Your task is to retype the lines from the opening of the material through the line that includes "Option 1 – For". Do not copy the pictures.

Top of Dataset content

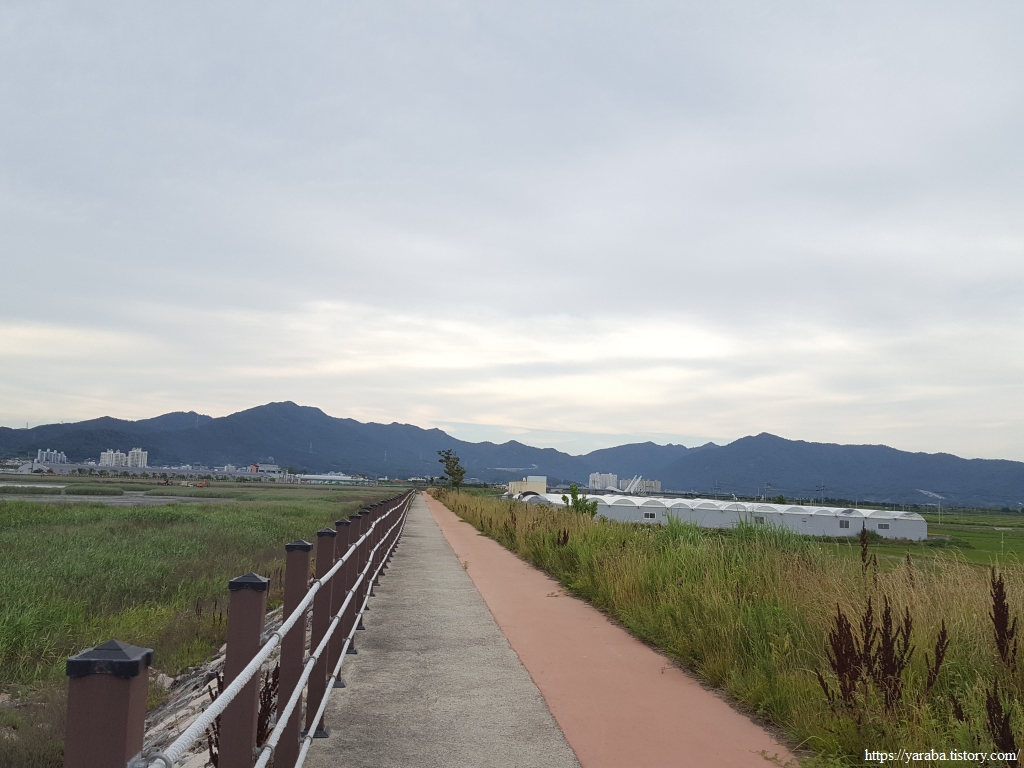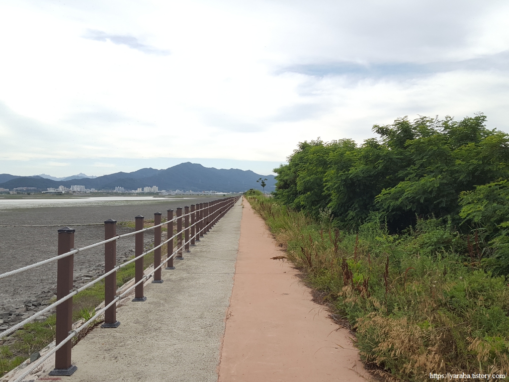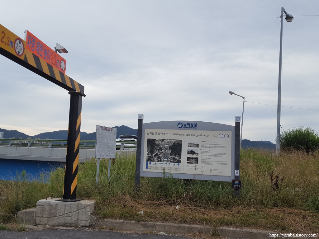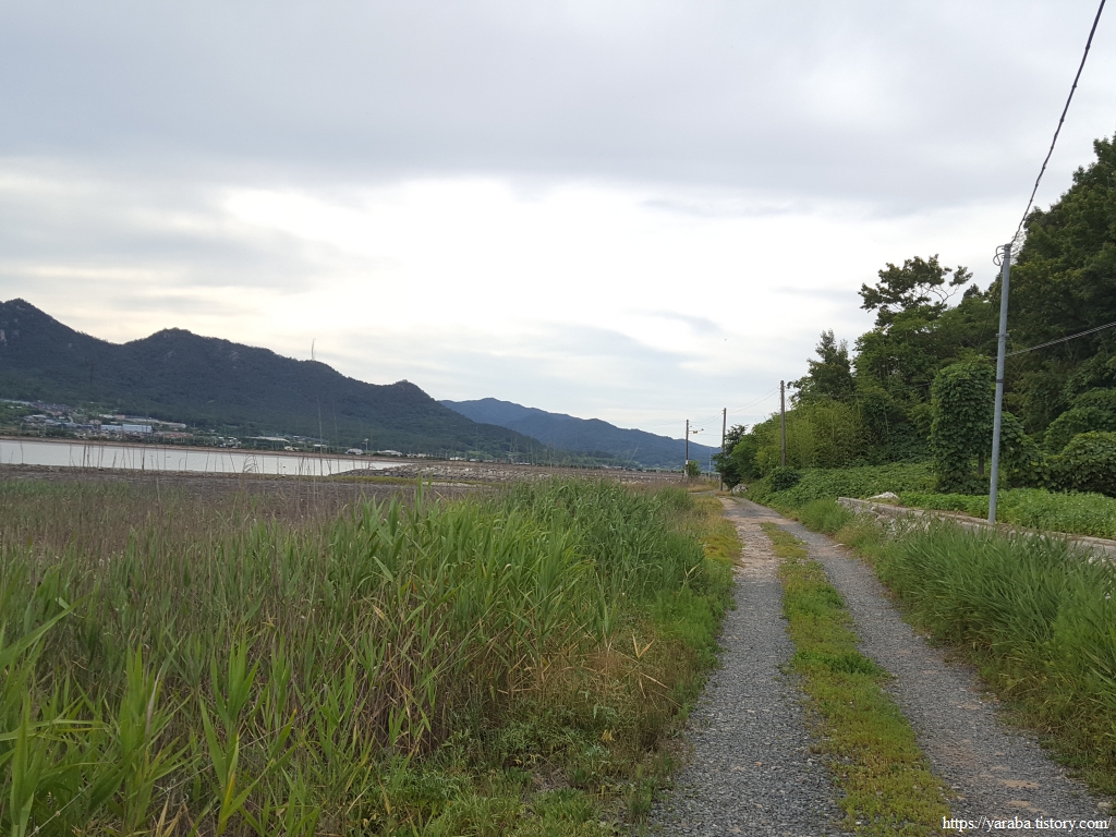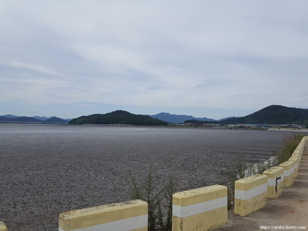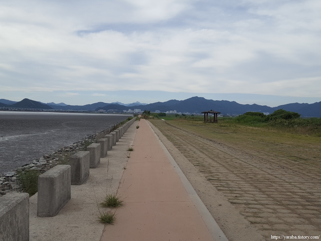 길은 강진만 동쪽 방조제 배수갑문을 지나 3Km에 이르는 방조제 둑방길을 걷는다.
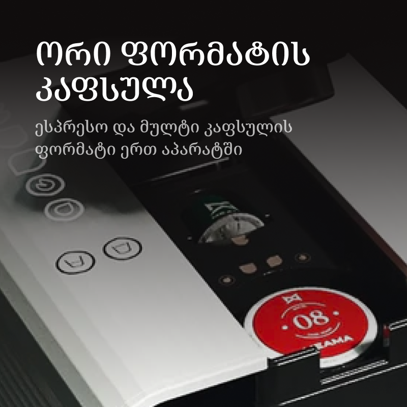 Versatile აპარატი თავსებადია როგორც ესპრესოს, ასევე მულტი კაფსულის ფორმატთან – მოამზადე ყავა, ჩაი და ნაყენები ერთი აპარატით. აღმოაჩინე 24 განსხვავებული გემო კაფსულების ნაკრებში და შეიგრძენი Meama-ს პრემიუმ გემო პირველივე ფინჯანში.
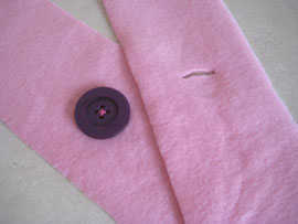 Option 1 – For my scarf, (warning: I did have to sew this button on, but I didn’t use a sewing machine!) I sewed a button on one side, 16 inches up from the bottom. Then I cut a small 1/2 inch slit on the opposite side, also 16 inches up from the bottom (with fleece, when you cut a slit, there is no fraying, so the button hole is good as is with no sewing.) Then I slipped the button through the hole. Having this button will help your scarf stay tight to your neck and keep you snug as a bug.
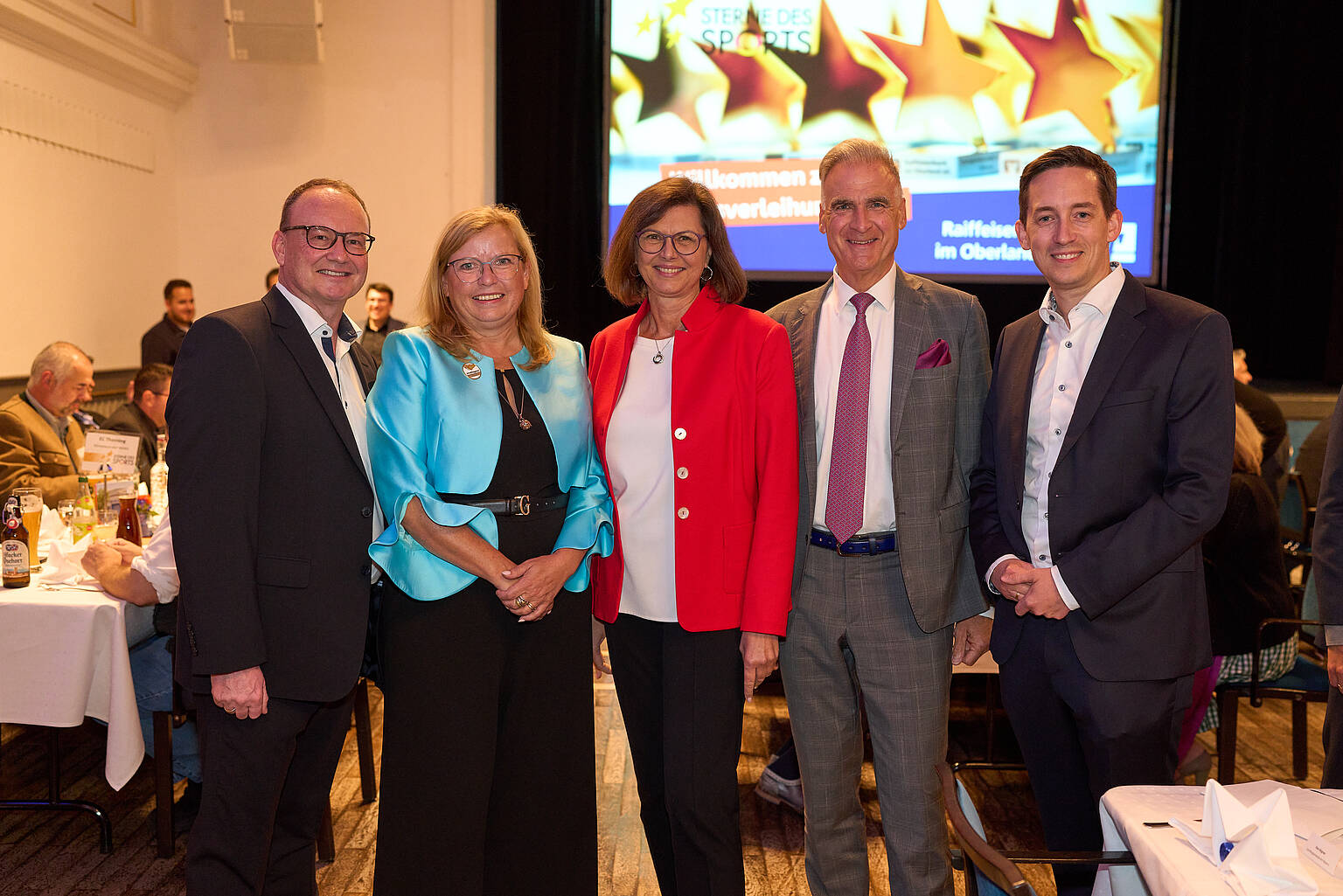 Wertschätzung für die „Sterne des Sports“ (v. li.): Manfred Gasteiger, Vorstandsvorsitzender der Raiffeisenbank im Oberland, Gabi Schmidt, Ehrenamtsbeauftragte der Bayerischen Staatsregierung, Landtagspräsidentin und Stimmkreisabgeordnete Ilse Aigner, Olaf von Löwis of Menar, Landrat des Landkreises Miesbach, sowie Johannes Paul, Vorstandsmitglied der Raiffeisenbank im Oberland.

Bottom of Dataset content

Answer space:
 길은 강진만 동쪽 방조제 배수갑문을 지나 3Km에 이르는 방조제 둑방길을 걷는다.
 Versatile აპარატი თავსებადია როგორც ესპრესოს, ასევე მულტი კაფსულის ფორმატთან – მოამზადე ყავა, ჩაი და ნაყენები ერთი აპარატით. აღმოაჩინე 24 განსხვავებული გემო კაფსულების ნაკრებში და შეიგრძენი Meama-ს პრემიუმ გემო პირველივე ფინჯანში.
 Option 1 – For my scarf, (warning: I did have to sew this button on, but I didn’t use a sewing machine!) I sewed a button on one side, 16 inches up from the bottom. Then I cut a small 1/2 inch slit on the opposite side, also 16 inches up from the bottom (with fleece, when you cut a slit, there is no fraying, so the button hole is good as is with no sewing.) Then I slipped the button through the hole. Having this button will help your scarf stay tight to your neck and keep you snug as a bug.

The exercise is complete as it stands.